_Data items_.
::::::::::

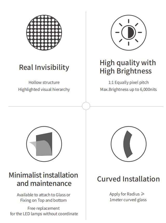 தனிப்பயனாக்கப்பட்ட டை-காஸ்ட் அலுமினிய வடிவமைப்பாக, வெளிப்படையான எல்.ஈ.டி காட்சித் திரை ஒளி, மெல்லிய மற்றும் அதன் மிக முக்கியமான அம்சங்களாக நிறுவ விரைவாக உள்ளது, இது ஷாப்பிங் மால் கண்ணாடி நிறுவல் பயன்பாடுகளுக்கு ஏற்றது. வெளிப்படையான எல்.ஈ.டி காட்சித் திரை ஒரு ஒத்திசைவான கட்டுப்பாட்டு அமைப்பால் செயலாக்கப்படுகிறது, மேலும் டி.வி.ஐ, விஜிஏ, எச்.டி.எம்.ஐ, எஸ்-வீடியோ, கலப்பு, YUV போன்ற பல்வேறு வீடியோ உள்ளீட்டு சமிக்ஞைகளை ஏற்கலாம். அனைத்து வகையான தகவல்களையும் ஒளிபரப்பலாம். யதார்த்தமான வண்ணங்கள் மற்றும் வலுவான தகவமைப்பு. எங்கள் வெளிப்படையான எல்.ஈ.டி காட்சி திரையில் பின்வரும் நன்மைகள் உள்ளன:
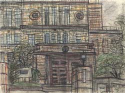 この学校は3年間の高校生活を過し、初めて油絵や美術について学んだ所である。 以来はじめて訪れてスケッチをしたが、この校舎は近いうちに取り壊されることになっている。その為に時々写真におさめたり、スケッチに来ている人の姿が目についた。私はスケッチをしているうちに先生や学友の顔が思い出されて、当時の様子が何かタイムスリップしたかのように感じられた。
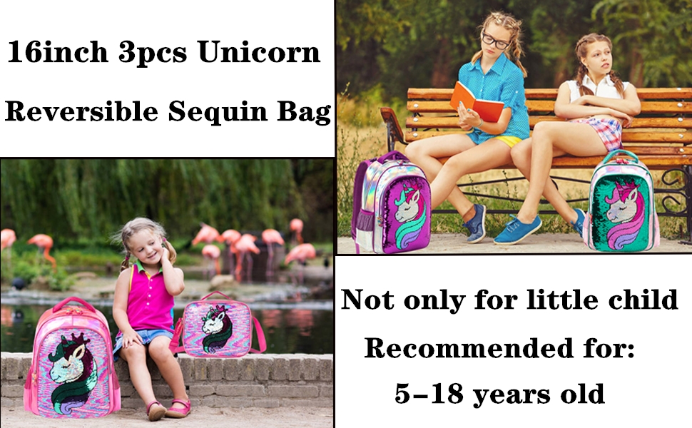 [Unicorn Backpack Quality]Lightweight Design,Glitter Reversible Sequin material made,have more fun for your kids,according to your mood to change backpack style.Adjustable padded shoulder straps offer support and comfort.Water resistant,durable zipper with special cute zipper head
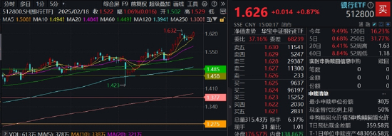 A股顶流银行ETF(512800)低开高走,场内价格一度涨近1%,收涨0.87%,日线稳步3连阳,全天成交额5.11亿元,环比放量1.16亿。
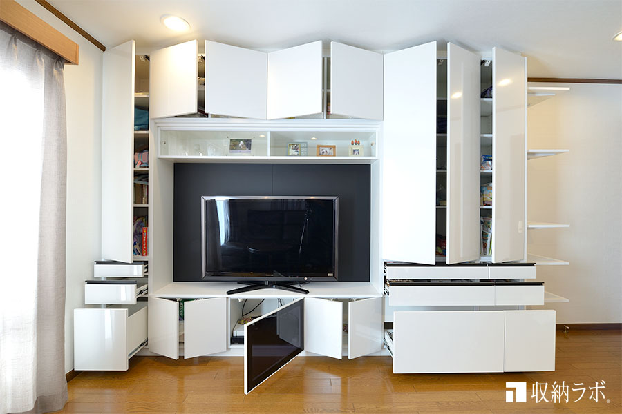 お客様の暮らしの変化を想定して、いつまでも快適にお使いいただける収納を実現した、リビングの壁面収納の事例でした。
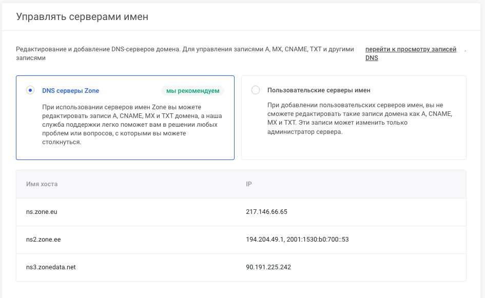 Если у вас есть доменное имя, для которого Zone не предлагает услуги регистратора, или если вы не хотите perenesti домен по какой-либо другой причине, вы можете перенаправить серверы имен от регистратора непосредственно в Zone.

::::::::::

_Exercise requirements_. Restate word for word the lines from the line with "お客様の暮らしの変化を想定し" to the last line of the records above, inclusive, and omit every picture.

_Task response_.
 お客様の暮らしの変化を想定して、いつまでも快適にお使いいただける収納を実現した、リビングの壁面収納の事例でした。
 Если у вас есть доменное имя, для которого Zone не предлагает услуги регистратора, или если вы не хотите perenesti домен по какой-либо другой причине, вы можете перенаправить серверы имен от регистратора непосредственно в Zone.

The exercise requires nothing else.